Ce film est-il né du désir de mettre en scène la relation entre une mère et son fils ?
Absolument. J’ai été témoin, dans ma famille élargie, d’une relation similaire à celle qu’on voit dans le film. Cette mère et son fils avaient une relation très intense, à la fois très aimante et très violente. J’ai toujours été intéressé par les relations mère-fils ; je m’y reconnais un peu. Et puis le Maroc que je connais est vraiment celui des classes populaires. Ma mère a été adoptée. Elle a vécu en dehors de la structure patriarcale, qui représente quand même une forme de filet de sécurité au Maroc. À partir du moment où j’ai réuni ces deux éléments, tout devait passer par les personnages. Je savais qu’ils évolueraient, mais je ne voulais pas nécessairement leur imposer une structure cinématographique. Je voulais que ça reste fluide.

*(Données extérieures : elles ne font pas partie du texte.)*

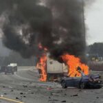 Witnesses described a scene of pure desperation. One driver recalled seeing the Hyundai clip a tan GMC Canyon before the impact that changed everything. The small car slammed into a JB Hunt tractor-trailer with such force that it ricocheted off the truck and into a concrete barrier. Within seconds, both the car and the massive semi-truck were engulfed in thick, black smoke and orange flames.
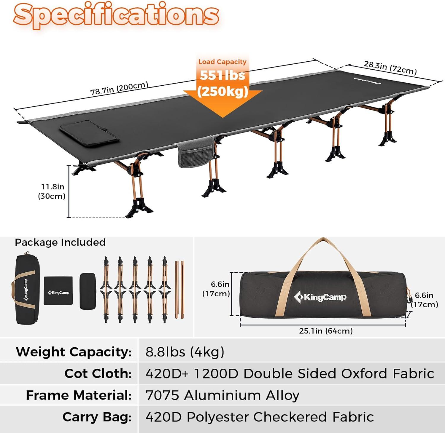 Kingcamp Camping Cot Portable Sleeping Cot for Adults Heavy Duty 81"x 30" Oversized Camp Cots with Pocket Folding Outdoor Camping Bed for Travel, Camp, Beach, Hike,Outdoor and Indoor Use(Black/Gold/Lightweight-load Capacity 551 Lbs)

Le film évoque l’hypocrisie de la société marocaine. C’est votre vision du Maroc ?
L’hypocrisie existe dans toutes les sociétés. Mais je pense qu’il y a quelque chose de spécifique au Maroc. Le visage que vous montrez à la société est extrêmement important. La pression exercée par la société est telle qu’il est impossible d’être à la hauteur. Les gens sont donc forcés de compartimenter leur vie. Au Maroc, on sent ce grand écart entre vie privée et vie publique.
Tanger, où se déroule le film, est très proche de l’Espagne, de l’Europe. Pourtant, l’exil n’est pas une option pour Fatima-Zahra et Selim…
Ce sujet a déjà été souvent traité ; je n’avais pas grand-chose à ajouter. C’était important pour moi de ne pas utiliser cette idée de la liberté individuelle, comme contrepoint à leur existence. Cela a souvent été fait et c’est trop facile. On n’interroge jamais ce rêve de liberté. Ce que l’on ferait plus facilement pour un personnage en Angleterre ou en France, où l’idée de liberté serait plus ambivalente. Alors que dans d’autres parties du monde, on se met soudain à croire à cette idée. C’est un peu à cela que sert le personnage de Sébastien dans le film. Il y a une rencontre entre Selim et lui, mais ce n’est pas une façon de vivre envisageable pour lui…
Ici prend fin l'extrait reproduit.